So we’ve moved.  Out of the apartment we’d lived in for ten years and into…nothing. Most of our stuff goes into long-term storage, some stuff already got shipped to Abu Dhabi (where we’re moving into a furnished apartment), and some stuff will get wadded into the suitcases we’re lugging with us to the Middle East.

We’ve said good-bye to the apartment where our boys were babies, toddlers, little kids—stages of life that are, quite literally, mapped out on the rug: there the diarrhea attack, over there the “mommy I think I’m going to be sick…” and over there where Caleb wrote on the rug in marker that he hated us.

This move is different than a move cross-town, or even cross-country. When you know that half-used jar of curry powder will get used in your new digs, you toss it in the moving box. But should you really bring that jar half-way around the world? Or put it in storage for a year?  No. You should throw it away. But throw away a half-full jar? Can’t someone use it? That is the type of insanity that’s been rolling through my mind for the last month: who wants my half-used spices, the almost-full box of uncooked risotto, the barely touched bag of tater tots (aka, god’s perfect food)?

Lots of people have been telling me that moving is a fresh start, a new beginning, a chance to let go of the past (and half-used jars of curry powder).

But you know what moving is, really?  It’s the ring of hell that Dante forgot—or was too afraid to think about.

Because in order to let go of the past, you’ve got to sort through it all first and that means confronting some unpleasantness: your failures as a housekeeper (the dust! the crap under the couch!); your failure to lose that last ten pounds (those trousers you’ve been saving for “when the diet kicks in?” bwhahahaha); your inability to say no to your children (the bin filled with plastic doodads from McDonalds, vending machines, and various ninety-nine cent stores).

Moving means confronting the stuff with which we crowd our lives, the stuff we tell ourselves we have to have, or should have, or that everyone else has so we should have too.  And moving into long-term storage means asking yourself what stuff really, really matters: what can you say good-bye to for a year—and if you can say good-bye to it for a year, then why do you have it at all?

What did I discover during our pre-move purge? A jar filled with $40.87 in coins, plus an additional $12 in loose change scattered over desk tops, bureau drawers, and under couches.  Power cords, battery packs, and thingamajigs for phones we no longer own.  A length of red velvet meant to cover a cushion for a bench I owned two apartments ago (in the lifetime called “pre-marriage”); my grandfather’s white acrylic golf sweater, circa 1972.  Political buttons dating back to high school; a Grateful Dead button that used to adorn my favorite jean jacket, long since disappeared.

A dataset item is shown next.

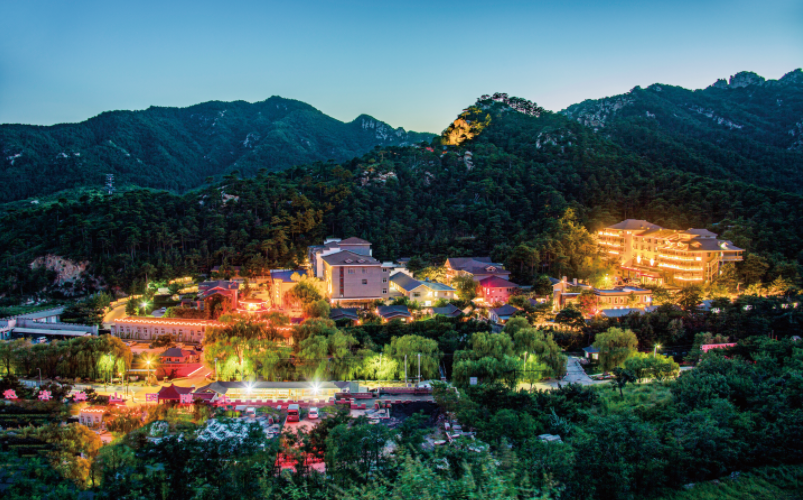 美丽的大朝阳温泉山城旅游度假区位于辽宁省历史文化名城北镇市城西6.5公里处,毗邻医巫闾山国家级自然保护区,是一家集旅游观光、餐饮住宿、会议接待、温泉泡汤、养生康体、亲子研学、党建团建、休闲度假、写生采风、康养旅居为一体的国家AAAA级旅游景区和三星级涉外多功能酒店。总建筑面积15000平方米,年接待游客近20万,是辽宁金实集团投资兴建的综合性度假景区,现已成为北镇古城一张靓丽的旅游名片。

I found random holiday cards and assorted Playbills (which I don’t have to keep because Husband, bless his hoarder’s soul, bought special plastic boxes in which he keeps ALL his Playbills, from, like, forever. Want to know the name of the second understudy in the 1978 production of “Ain’t Misbehavin”? Husband can look it up for you.)

Throwing things away used to be so easy. You just dumped whatever you didn’t want into the garbage: hangers, shoes, old sheets, half-empty jars of mustard, bags of rocks, plastic toys, broken lamps.

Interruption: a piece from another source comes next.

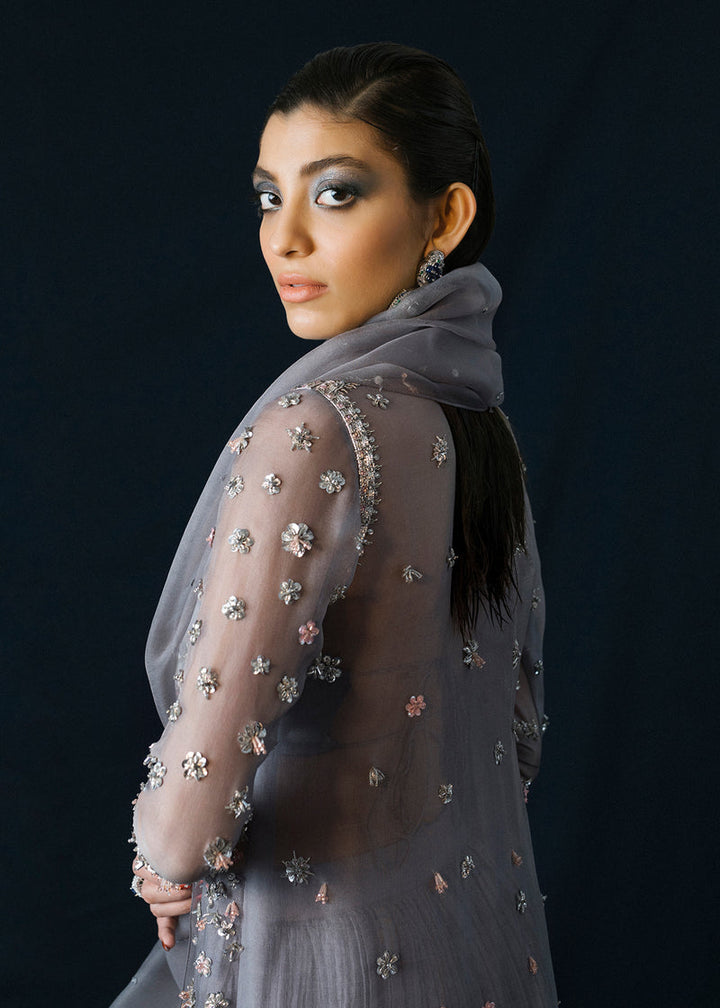 This grey epitome of grace is completely hand embellished. Featuring a key-hole neckline. Three dimensional floral embellishments donned with silver pipes, sequin, stones tastefully blended with grey and pink sequin and stone work. Paired with crushed silk sharara with embellished borders. Completing the look with sequin sprayed organza dupatta.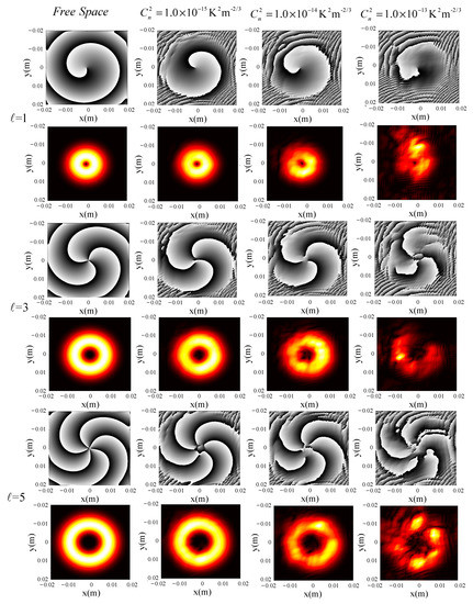 Figure 3 shows the spatial distribution of the LG beam () at different values of (, , and ) when . When , it is obvious that both the intensity and phase distribution maintain quite good integrity and the phase dividing line of the phase distribution is obvious. When , the integrity damage of LG beam intensity and phase distribution is very obvious and the helical boundary of the phase distribution is no longer smooth. When , the intensity distribution of the LG beam only retains partial annular distribution, the helical phase boundary of phase distribution shows obvious irregular jitter, and the distortion degree around the central singularity is significantly increased. In conclusion, OAM with a smaller value has stronger resistance to turbulence interference, which has also been verified by simulation through the support vector machine in a previous paper [26].

Now? Now, unless you want Al Gore appearing in your dreams shaking his finger at you, you’ve got to put paper recycling over here, bottles and cans over there, the shoes in the bag for Soles 4 Souls, the raggedy socks and t-shirts to textile recycling, toys and clothes and old sports equipment to Goodwill or some other thrift shop.  The random oddments from fridge and cupboard should be composted—or you can, for the span of an afternoon, make a six year old boy really happy.  He can make a hellacious, probably toxic stew in the sink: a twice-used jar of Chinese mustard, a pot of unidentifiable chutney, salad dressing bottles with one swirl coagulating at the bottom, something that was once, perhaps, olives.  A pile of old rice, the dregs of the hot cocoa powder, stale breadcrumbs, a few mysterious frozen lumps, and voila! A witches brew that stank up the kitchen for hours.

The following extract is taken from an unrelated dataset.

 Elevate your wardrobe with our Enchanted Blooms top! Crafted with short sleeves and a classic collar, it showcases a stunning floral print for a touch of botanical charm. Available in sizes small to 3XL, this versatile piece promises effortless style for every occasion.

By last Thursday, everything had been packed by the moving minions into tidy boxes, headed for some storage facility in god-knows-where Pennsylvania.  I’m sure that when we unpack those boxes the decisions we made about what to keep will seem utterly mysterious: matches from restaurants? cookbooks that haven’t ever been used? sheets we were given for our wedding that are now threadbare and slightly ripped?

Until then, I will pretend that we are unencumbered by Stuff, that we are floating lightly in the world.  Except, of course, for those ten or so suitcases we will be dragging to Abu Dhabi. But that’s a post for another day.